• _TASK OBJECTIVE_:
Word for word, restate each of the entries below, and drop every picture.
Content starts
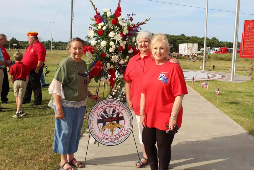 Brenda Grubb, left, and two other members of the Moorhead Garden Club — President Glinda Coats and Gail Oswalt —stand Saturday near a floral arrangement and plaque, which contains the names of the 16 servicemen who were aboard the fatal Yanky 72 flight in 2017. The garden club provided the floral arrangement for the memorial ceremony. (By Drew Richardson)
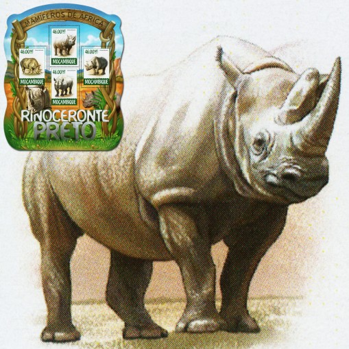 Seria w bloku, na znaczkach której widnieje nosorożec czarny.
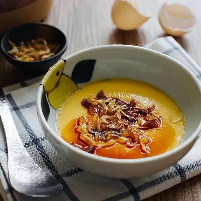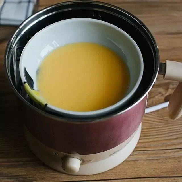 在小煮锅中加入适量的水,放上蒸架(或采用蒸蛋器的蒸碗),加热蒸约 8 分钟。
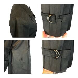 Vintage Concept black double breasted stand collar belted trench coat size large
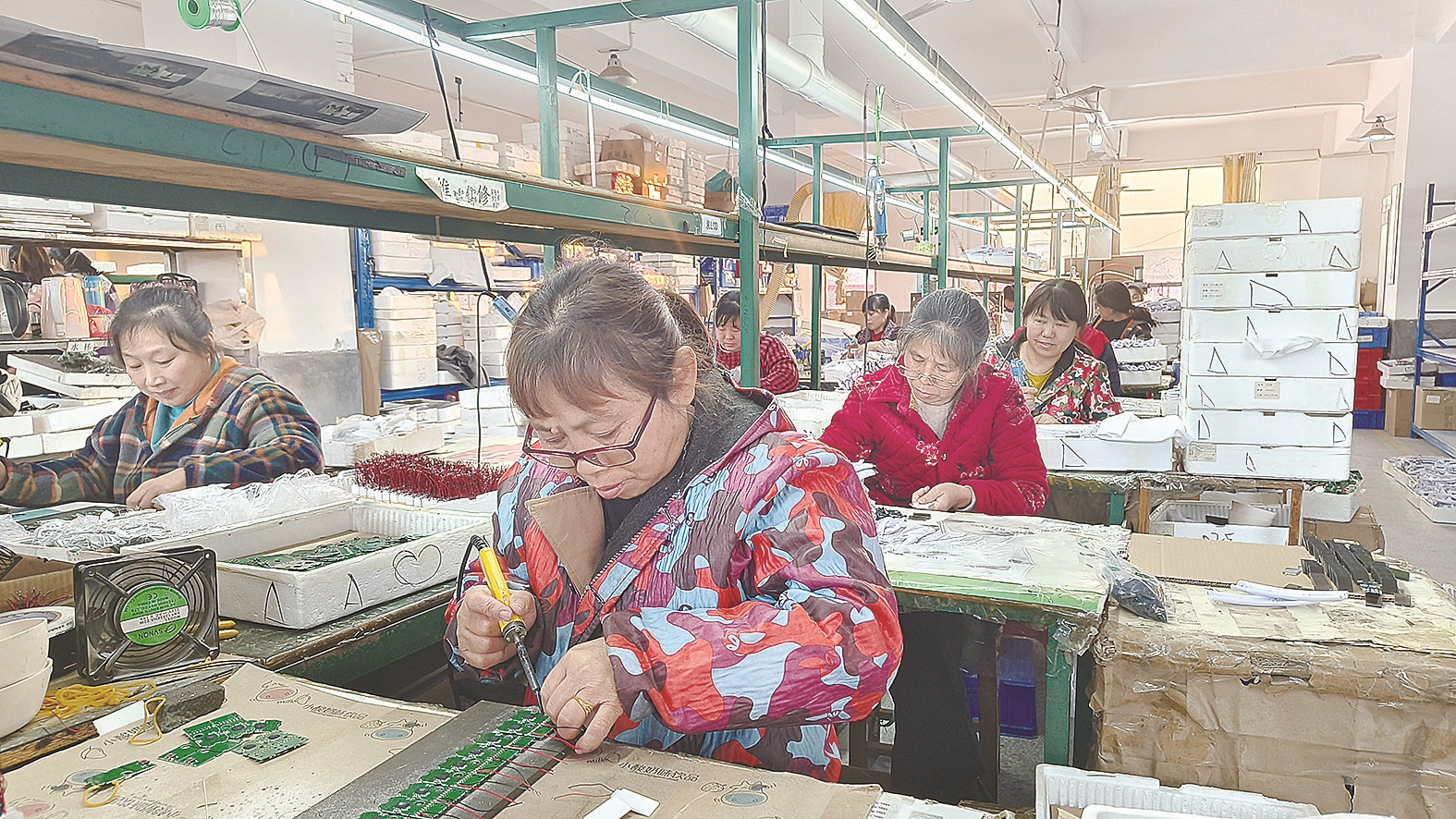 焊接、检查……47岁的张聪艳熟练地在流水线前忙碌着。
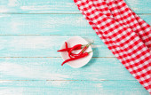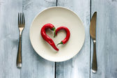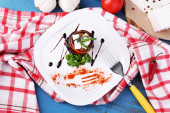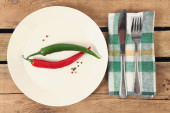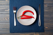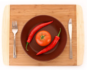 Słowo dieta wykonane w plasterkach warzywa w białe płytki na drewnianym stole, widok z góry
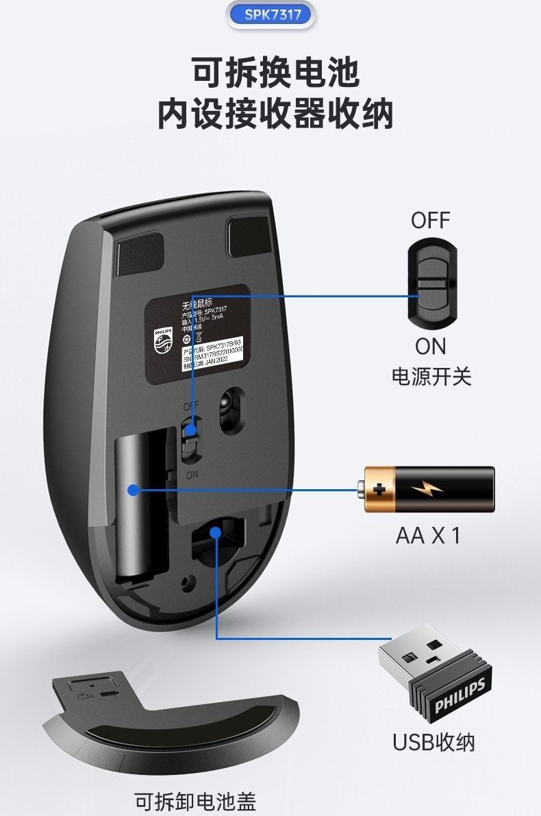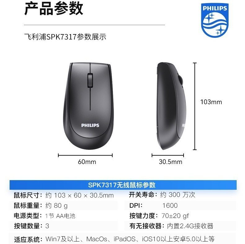 | Color | Philips SPK7317 Wireless Mouse,Philips 7347 Wireless Mouse,Patriot 710 Wireless Mouse,HP S1000 Wireless Mouse |
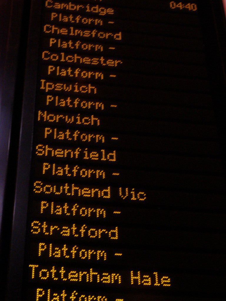 It was 18:15 at Norwich Railway Station and I jumped off the Great Yarmouth train on an impulse and got on the 18:30 service to London. I arrived at about 20:30 at Liverpool Street, had some dinner and went to Heathrow Airport to get some sleep.
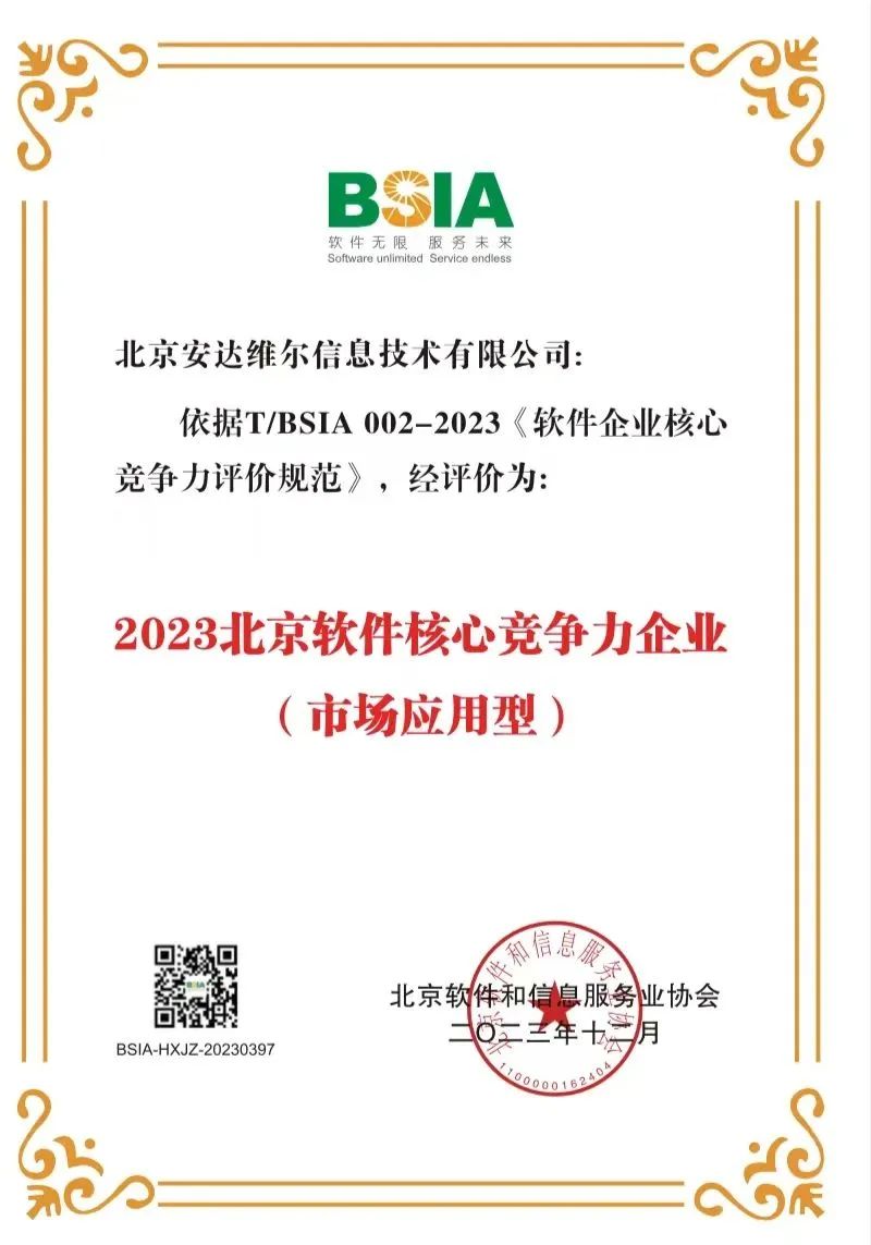 近日,安达维尔全资子公司北京安达维尔信息技术有限公司被评选为2023北京软件核心竞争力企业(市场应用型)。这一荣誉的获得,既是对北京安达维尔信息技术有限公司技术实力和市场应用能力的肯定,更是对安达维尔信息业务的鼓励和鞭策。
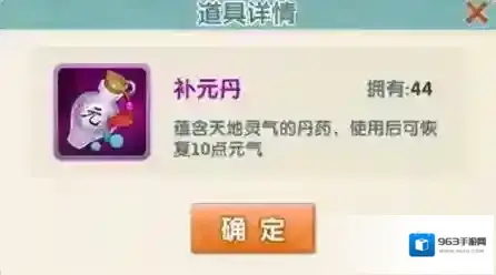 1、用于转化元气的主要道具是补元丹,每日也需在集市里将补元丹买满。
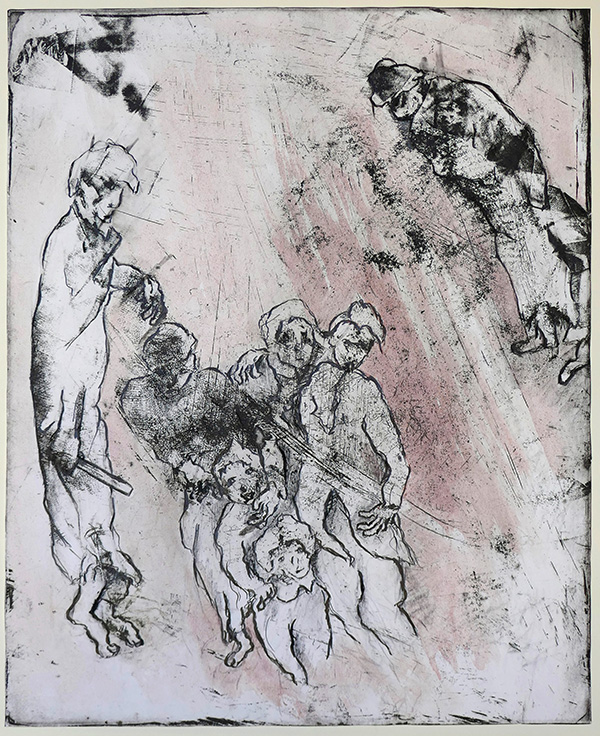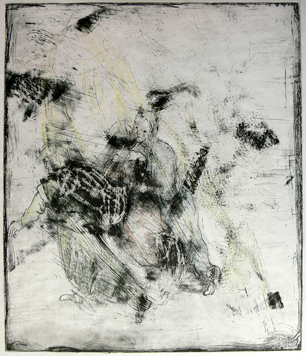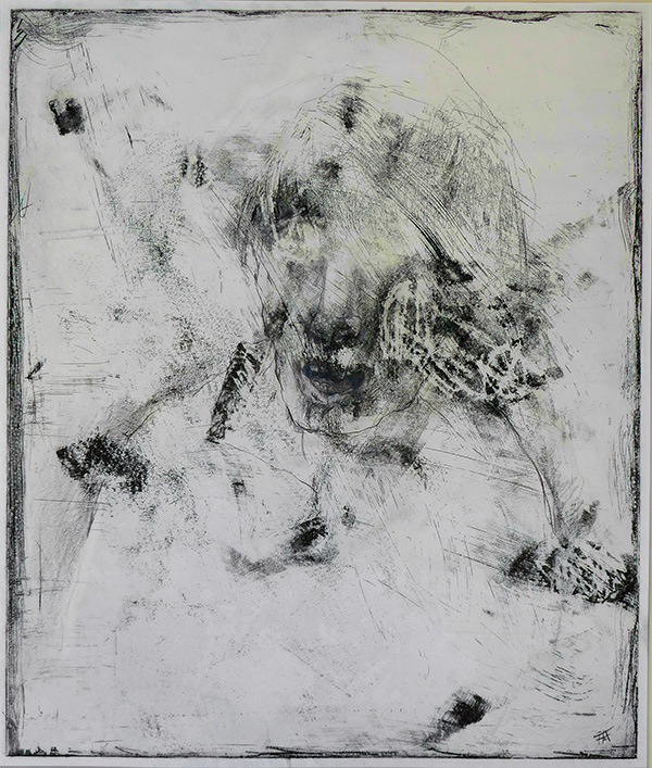 Que ma propre subjectivité traduise en une série de dessins un tel univers à vif ne pouvait souffrir d’aucun pittoresque ni fioriture. Je disposais d’un matériau brut : j’ai l’habitude de garder les moindres épreuves d’essai de mes suites gravées antérieures. Ce sont de simples feuillets de papier qui témoignent des premières morsures à l’eau-forte, encore anarchiques, d’une l’estampe en devenir. Sortis de leur contexte créatif, des années plus tard, ils font office de palimpseste. Sous un regard vierge et neuf, ils sont des ferments d’images nouvelles, aptes à recueillir la décantation lente d’une lecture.
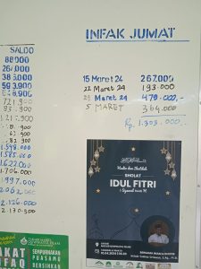 - Infaq pelaksaan sholat idul fitri terkumpul sejumlah; Rp.1.000.000,- (Satu juta rupiah)
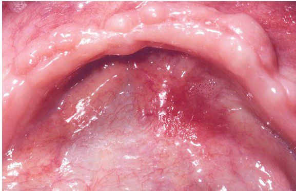 . Erythematous macule on the right f loor of the mouth. Biopsy showed early invasive squamous cell carcinoma.
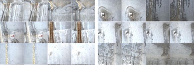 The training process requires a balanced data set, i.e., the ratio between cracked and the non-cracked regions is set 1–3. Ideally, given an annotated image of size 3376 × 2704, less than 0.05% corresponds to the cracked areas; i.e., we have at most 4500 positive training paradigms (image patches of size 13 × 13) per image. In order to further extend the positive paradigms training set, we involve patch rotations at 30° and 60°.
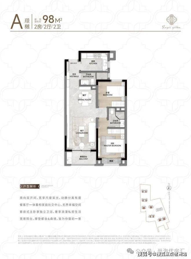 建面约94-100㎡的两房A户型是千万总价入主静安内环的理想之选,最高超79%的得房率,室内几乎没有走廊等空间浪费;✅✅静安玺樾售楼处电话:400 - 882 - 4258✅✅动静分离,主卧套房设计,配独立卫浴间,居住舒适;次卧功能定位多样,可做多功能儿童房、书房、工作室、电竞房等等;阳台尺度宽适,增加实用空间的同时,还可为宠物设计一处梦想乐园。
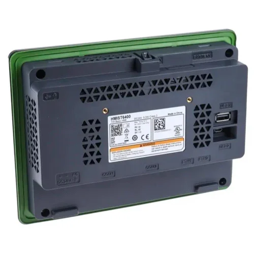 The HMIET6400 from Schneider Electric is a compact 7-inch ET6 Human Machine Interface built for industrial environments. It features a resistive touchscreen with clear visibility and a robust IP65-rated front for protection. Moreover, the HMI runs on an 800 MHz ARM Cortex-A8 processor, offering fast performance in real-time control applications.
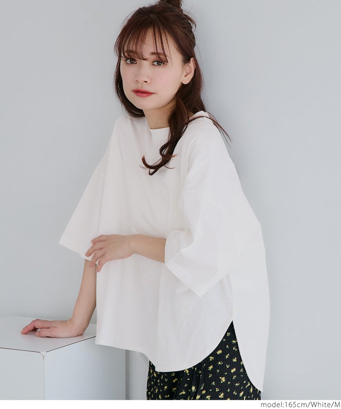 注目ポイントは、やはり今っぽさを演出してくれるビッグシルエット。肩を落としたドロップショルダーに、身体のラインを拾わないゆったりとした身幅で、抜け感のある着こなしが簡単に完成します。気になる二の腕をさりげなくカバーしてくれる5分袖は、体型を選ばず、1枚で着ても安心の絶妙なバランス感。カラー展開も豊富で、ベーシックなホワイト、ブラック、チャコールから、爽やかなブルー、やさしいイエローまで全6色がラインアップ。「何枚あっても困らない」と、色違いでそろえるリピーターも多いようです。
Content ends
• _RESULT OF THE TASK_:
 Brenda Grubb, left, and two other members of the Moorhead Garden Club — President Glinda Coats and Gail Oswalt —stand Saturday near a floral arrangement and plaque, which contains the names of the 16 servicemen who were aboard the fatal Yanky 72 flight in 2017. The garden club provided the floral arrangement for the memorial ceremony. (By Drew Richardson)
 Seria w bloku, na znaczkach której widnieje nosorożec czarny.
 在小煮锅中加入适量的水,放上蒸架(或采用蒸蛋器的蒸碗),加热蒸约 8 分钟。
 Vintage Concept black double breasted stand collar belted trench coat size large
 焊接、检查……47岁的张聪艳熟练地在流水线前忙碌着。
 Słowo dieta wykonane w plasterkach warzywa w białe płytki na drewnianym stole, widok z góry
 | Color | Philips SPK7317 Wireless Mouse,Philips 7347 Wireless Mouse,Patriot 710 Wireless Mouse,HP S1000 Wireless Mouse |
 It was 18:15 at Norwich Railway Station and I jumped off the Great Yarmouth train on an impulse and got on the 18:30 service to London. I arrived at about 20:30 at Liverpool Street, had some dinner and went to Heathrow Airport to get some sleep.
 近日,安达维尔全资子公司北京安达维尔信息技术有限公司被评选为2023北京软件核心竞争力企业(市场应用型)。这一荣誉的获得,既是对北京安达维尔信息技术有限公司技术实力和市场应用能力的肯定,更是对安达维尔信息业务的鼓励和鞭策。
 1、用于转化元气的主要道具是补元丹,每日也需在集市里将补元丹买满。
 Que ma propre subjectivité traduise en une série de dessins un tel univers à vif ne pouvait souffrir d’aucun pittoresque ni fioriture. Je disposais d’un matériau brut : j’ai l’habitude de garder les moindres épreuves d’essai de mes suites gravées antérieures. Ce sont de simples feuillets de papier qui témoignent des premières morsures à l’eau-forte, encore anarchiques, d’une l’estampe en devenir. Sortis de leur contexte créatif, des années plus tard, ils font office de palimpseste. Sous un regard vierge et neuf, ils sont des ferments d’images nouvelles, aptes à recueillir la décantation lente d’une lecture.
 - Infaq pelaksaan sholat idul fitri terkumpul sejumlah; Rp.1.000.000,- (Satu juta rupiah)
 . Erythematous macule on the right f loor of the mouth. Biopsy showed early invasive squamous cell carcinoma.
 The training process requires a balanced data set, i.e., the ratio between cracked and the non-cracked regions is set 1–3. Ideally, given an annotated image of size 3376 × 2704, less than 0.05% corresponds to the cracked areas; i.e., we have at most 4500 positive training paradigms (image patches of size 13 × 13) per image. In order to further extend the positive paradigms training set, we involve patch rotations at 30° and 60°.
 建面约94-100㎡的两房A户型是千万总价入主静安内环的理想之选,最高超79%的得房率,室内几乎没有走廊等空间浪费;✅✅静安玺樾售楼处电话:400 - 882 - 4258✅✅动静分离,主卧套房设计,配独立卫浴间,居住舒适;次卧功能定位多样,可做多功能儿童房、书房、工作室、电竞房等等;阳台尺度宽适,增加实用空间的同时,还可为宠物设计一处梦想乐园。
 The HMIET6400 from Schneider Electric is a compact 7-inch ET6 Human Machine Interface built for industrial environments. It features a resistive touchscreen with clear visibility and a robust IP65-rated front for protection. Moreover, the HMI runs on an 800 MHz ARM Cortex-A8 processor, offering fast performance in real-time control applications.
 注目ポイントは、やはり今っぽさを演出してくれるビッグシルエット。肩を落としたドロップショルダーに、身体のラインを拾わないゆったりとした身幅で、抜け感のある着こなしが簡単に完成します。気になる二の腕をさりげなくカバーしてくれる5分袖は、体型を選ばず、1枚で着ても安心の絶妙なバランス感。カラー展開も豊富で、ベーシックなホワイト、ブラック、チャコールから、爽やかなブルー、やさしいイエローまで全6色がラインアップ。「何枚あっても困らない」と、色違いでそろえるリピーターも多いようです。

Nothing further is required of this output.